During the first week of their lives, baby chicks need to be kept at a temperature between 32.2 and 35.0 degrees C. In the second week, the temperature can be dropped by five degrees, with a five degree temperature drop in each subsequent week until the chick is comfortable at room temperature. A 250 watt infrared heat lamp trained on the chicks' living area can maintain the temperature for them. If all of the chicks are cuddled together directly underneath the lamp, they are too cold, and if they are scattered to the edges of their enclosure, they may be too warm.


For the first eight weeks of the chick's life, you can use a commercial chick starter feed. You can teach the chicks to begin searching for food by liberally scattering the food around them. Even if this is messy, it will help them find the food a little quicker. After three days of having their food scattered, give them the food in a low trough. They should have food available to them at all times. They can be given water in commercial chick waterers or in low dishes that have marbles at the bottom, which will prevent the chicks from climbing into the dish.

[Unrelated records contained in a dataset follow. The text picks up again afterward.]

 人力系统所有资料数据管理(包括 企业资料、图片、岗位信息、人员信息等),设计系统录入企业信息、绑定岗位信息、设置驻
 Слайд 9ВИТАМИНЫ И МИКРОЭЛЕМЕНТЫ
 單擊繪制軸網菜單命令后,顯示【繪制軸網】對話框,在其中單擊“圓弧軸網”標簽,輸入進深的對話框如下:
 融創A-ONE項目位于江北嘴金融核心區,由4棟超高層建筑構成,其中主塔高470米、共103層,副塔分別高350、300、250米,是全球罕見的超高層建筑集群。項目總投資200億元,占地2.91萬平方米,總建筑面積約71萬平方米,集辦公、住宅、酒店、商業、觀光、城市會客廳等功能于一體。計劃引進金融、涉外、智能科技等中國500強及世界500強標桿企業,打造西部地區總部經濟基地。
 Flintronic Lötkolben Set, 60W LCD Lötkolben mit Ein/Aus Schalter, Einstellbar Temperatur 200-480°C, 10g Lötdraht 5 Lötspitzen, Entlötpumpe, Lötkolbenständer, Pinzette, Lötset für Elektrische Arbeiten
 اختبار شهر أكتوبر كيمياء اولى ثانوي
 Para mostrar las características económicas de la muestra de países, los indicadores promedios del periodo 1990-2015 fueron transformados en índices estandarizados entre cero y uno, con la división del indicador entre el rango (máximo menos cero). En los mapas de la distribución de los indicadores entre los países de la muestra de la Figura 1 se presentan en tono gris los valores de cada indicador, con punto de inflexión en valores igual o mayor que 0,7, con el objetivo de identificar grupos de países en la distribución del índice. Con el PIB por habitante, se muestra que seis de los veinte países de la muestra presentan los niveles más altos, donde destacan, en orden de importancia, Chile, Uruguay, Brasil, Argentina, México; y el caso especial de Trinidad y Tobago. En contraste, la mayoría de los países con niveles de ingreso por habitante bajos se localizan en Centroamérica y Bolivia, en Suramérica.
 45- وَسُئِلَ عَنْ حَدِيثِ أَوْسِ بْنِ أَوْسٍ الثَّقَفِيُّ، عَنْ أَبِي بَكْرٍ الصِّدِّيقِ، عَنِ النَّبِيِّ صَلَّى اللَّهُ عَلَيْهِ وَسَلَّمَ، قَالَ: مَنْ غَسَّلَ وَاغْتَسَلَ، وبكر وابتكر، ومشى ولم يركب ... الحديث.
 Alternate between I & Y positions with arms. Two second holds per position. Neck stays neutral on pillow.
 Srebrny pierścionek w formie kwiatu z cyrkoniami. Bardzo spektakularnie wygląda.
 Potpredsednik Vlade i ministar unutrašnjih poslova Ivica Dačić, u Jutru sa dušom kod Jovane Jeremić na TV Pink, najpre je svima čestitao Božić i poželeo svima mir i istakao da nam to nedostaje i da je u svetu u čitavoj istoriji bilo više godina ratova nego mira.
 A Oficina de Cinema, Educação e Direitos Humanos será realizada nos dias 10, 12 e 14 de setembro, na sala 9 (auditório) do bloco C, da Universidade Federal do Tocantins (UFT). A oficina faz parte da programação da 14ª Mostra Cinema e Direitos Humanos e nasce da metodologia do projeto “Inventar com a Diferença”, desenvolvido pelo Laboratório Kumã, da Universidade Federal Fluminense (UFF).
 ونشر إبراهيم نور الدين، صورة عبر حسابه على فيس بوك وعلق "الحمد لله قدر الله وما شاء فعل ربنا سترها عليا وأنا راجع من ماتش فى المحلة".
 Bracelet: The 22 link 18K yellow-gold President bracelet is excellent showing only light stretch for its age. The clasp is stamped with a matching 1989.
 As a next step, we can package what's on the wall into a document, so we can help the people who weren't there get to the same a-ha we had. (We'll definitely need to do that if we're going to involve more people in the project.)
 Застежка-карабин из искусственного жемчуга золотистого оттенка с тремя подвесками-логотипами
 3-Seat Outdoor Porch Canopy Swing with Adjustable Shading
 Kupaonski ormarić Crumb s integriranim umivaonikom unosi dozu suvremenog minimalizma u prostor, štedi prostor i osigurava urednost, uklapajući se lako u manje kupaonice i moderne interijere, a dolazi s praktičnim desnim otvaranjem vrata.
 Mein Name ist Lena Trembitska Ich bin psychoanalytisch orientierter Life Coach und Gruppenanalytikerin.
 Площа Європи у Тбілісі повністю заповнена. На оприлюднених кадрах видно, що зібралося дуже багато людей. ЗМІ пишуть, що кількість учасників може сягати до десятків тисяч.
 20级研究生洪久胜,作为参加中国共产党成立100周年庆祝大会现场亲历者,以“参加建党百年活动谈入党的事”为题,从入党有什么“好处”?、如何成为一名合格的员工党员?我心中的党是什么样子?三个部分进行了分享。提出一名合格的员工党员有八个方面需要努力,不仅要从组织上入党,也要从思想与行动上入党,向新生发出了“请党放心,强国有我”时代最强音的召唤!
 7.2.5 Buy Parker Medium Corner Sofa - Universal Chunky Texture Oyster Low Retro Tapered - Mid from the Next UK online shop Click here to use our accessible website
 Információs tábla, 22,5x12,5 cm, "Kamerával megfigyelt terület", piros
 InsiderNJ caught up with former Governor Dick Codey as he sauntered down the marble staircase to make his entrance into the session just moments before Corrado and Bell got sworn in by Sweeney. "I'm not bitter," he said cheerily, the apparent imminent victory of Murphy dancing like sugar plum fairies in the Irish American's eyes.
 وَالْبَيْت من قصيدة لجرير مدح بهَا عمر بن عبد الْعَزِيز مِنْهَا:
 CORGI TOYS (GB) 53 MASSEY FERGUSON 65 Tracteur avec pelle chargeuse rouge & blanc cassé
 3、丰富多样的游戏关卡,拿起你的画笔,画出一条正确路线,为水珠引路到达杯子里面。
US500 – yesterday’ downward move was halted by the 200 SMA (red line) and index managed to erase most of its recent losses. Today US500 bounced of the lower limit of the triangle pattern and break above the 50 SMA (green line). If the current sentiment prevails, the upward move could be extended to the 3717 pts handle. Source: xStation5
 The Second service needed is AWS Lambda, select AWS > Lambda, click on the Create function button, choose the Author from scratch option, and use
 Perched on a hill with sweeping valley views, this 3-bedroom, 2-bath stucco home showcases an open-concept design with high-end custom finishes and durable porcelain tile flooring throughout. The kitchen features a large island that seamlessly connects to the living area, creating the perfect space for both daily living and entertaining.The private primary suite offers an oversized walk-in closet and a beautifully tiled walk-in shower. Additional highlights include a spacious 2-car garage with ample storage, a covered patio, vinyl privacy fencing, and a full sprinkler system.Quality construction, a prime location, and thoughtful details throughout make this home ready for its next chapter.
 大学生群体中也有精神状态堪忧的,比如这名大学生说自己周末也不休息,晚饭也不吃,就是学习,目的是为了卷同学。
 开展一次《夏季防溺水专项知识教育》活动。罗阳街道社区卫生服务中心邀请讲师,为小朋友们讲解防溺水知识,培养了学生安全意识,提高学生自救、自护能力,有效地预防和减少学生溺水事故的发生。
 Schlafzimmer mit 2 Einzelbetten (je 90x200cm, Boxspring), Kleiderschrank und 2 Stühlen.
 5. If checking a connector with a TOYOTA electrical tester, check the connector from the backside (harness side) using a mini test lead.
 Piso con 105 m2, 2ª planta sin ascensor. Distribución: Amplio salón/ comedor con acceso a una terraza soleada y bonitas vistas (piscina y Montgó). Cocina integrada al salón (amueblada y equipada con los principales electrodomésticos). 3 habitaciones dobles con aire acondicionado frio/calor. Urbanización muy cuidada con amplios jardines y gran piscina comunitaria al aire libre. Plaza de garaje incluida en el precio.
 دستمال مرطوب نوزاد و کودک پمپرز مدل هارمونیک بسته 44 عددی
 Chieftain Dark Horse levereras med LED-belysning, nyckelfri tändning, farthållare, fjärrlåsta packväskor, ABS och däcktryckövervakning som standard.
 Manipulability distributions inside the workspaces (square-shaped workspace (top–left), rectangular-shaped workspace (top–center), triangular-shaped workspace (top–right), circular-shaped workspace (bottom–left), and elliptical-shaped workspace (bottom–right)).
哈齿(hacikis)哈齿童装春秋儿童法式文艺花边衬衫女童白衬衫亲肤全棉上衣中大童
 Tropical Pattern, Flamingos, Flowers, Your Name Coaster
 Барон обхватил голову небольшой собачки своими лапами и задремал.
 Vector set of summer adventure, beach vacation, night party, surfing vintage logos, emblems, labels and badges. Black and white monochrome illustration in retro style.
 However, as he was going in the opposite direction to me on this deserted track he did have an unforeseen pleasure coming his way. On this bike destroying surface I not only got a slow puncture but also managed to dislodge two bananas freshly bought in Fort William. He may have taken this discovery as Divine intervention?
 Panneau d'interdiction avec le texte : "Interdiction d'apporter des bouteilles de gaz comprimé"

For housing purposes, you should have about 1/2 square foot per baby chick. A two foot food trough and a one gallon commercial waterer will take care of 50 chicks.


While fully grown chickens are not proficient flyers, young chicks have some flight capabilities. To prevent chicks from getting out of their enclosure, drape a section of deer netting or chicken wire over the enclosure top, or make sure that the enclosure has walls that are at least two feet high.

Time Frame

When the chicks are between two and three weeks old, and provided the temperature is at least in the high 60s, baby chicks can be allowed to investigate the outdoors for a few hours. Place them in a wire cage and keep an eye on them to make sure that they don't get away. By the time the chicks are between four and five months old, they are ready to move outside full time.